▶ _YOUR TASK_: From the line containing "纠错〔𨂯〕字拼音是(pián),部首是足部,总笔画是16画。" through the end of the entries, please repeat every line exactly and nothing more; the pictures do not belong in the copy.

Stored data

=====

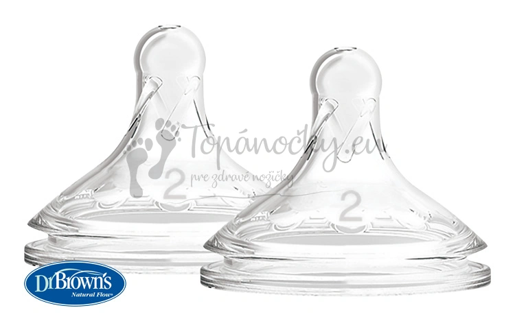 Náhradné silikónové cumlíky pre dojčenské fľašky Dr.Browns options+ WIDE-NECK stupeň 2 – BPA FREE – 2 ks (WN2201)
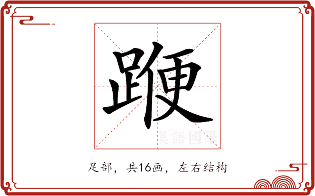 纠错〔𨂯〕字拼音是(pián),部首是足部,总笔画是16画。
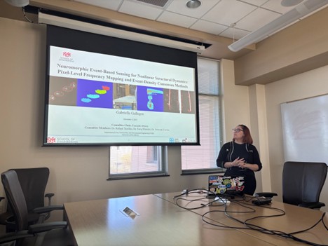 Congratulations Gabriela for a great MS defense / thesis entitled “Neuromorphic Event-based Sensing for non-linear structural dynamics: pixel-level frequency mapping and event-density consensus methods”. Committee Members Dr. Fowler (Sandia National Laboratory), Dr. Rafi Tarefdel (computational mechanics) and Dr. Tariq Kraishi (mechanical engineering)
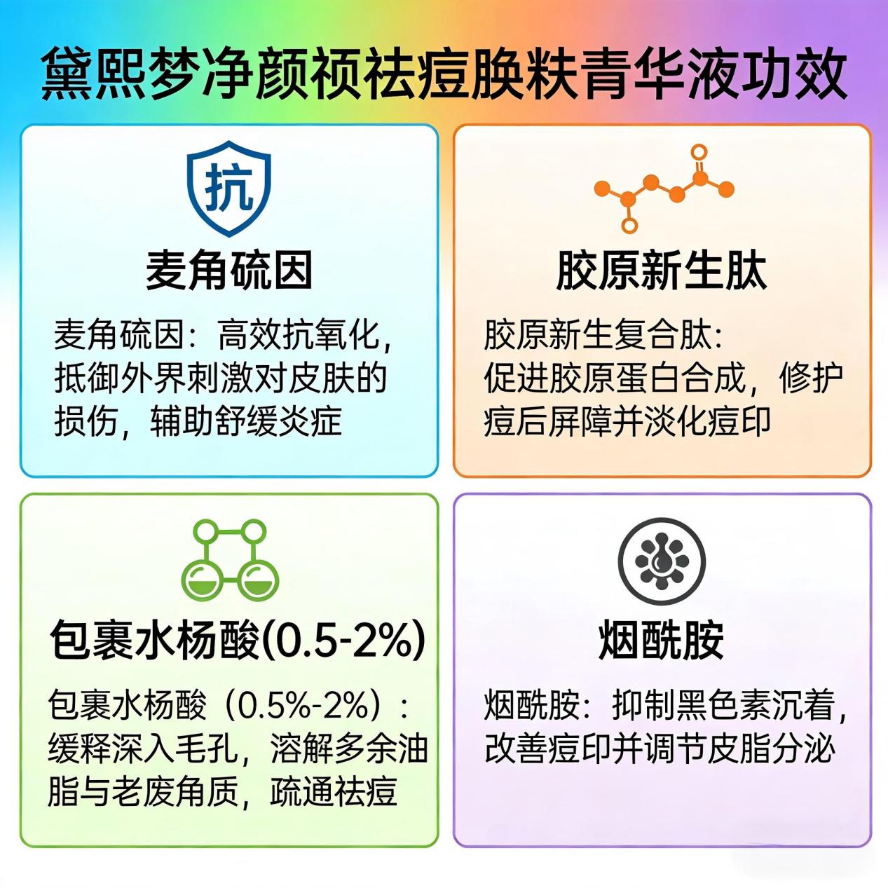 黛熙梦净颜祛痘焕肤精华液的优势在于它的多靶点协同体系:
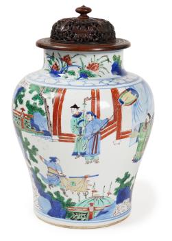 Lot 76 , A Chinese wucai baluster jar, possibly Shunzhi / Kangxi period

=====

▶ _WRITTEN ANSWER_:
 纠错〔𨂯〕字拼音是(pián),部首是足部,总笔画是16画。
 Congratulations Gabriela for a great MS defense / thesis entitled “Neuromorphic Event-based Sensing for non-linear structural dynamics: pixel-level frequency mapping and event-density consensus methods”. Committee Members Dr. Fowler (Sandia National Laboratory), Dr. Rafi Tarefdel (computational mechanics) and Dr. Tariq Kraishi (mechanical engineering)
 黛熙梦净颜祛痘焕肤精华液的优势在于它的多靶点协同体系:
 Lot 76 , A Chinese wucai baluster jar, possibly Shunzhi / Kangxi period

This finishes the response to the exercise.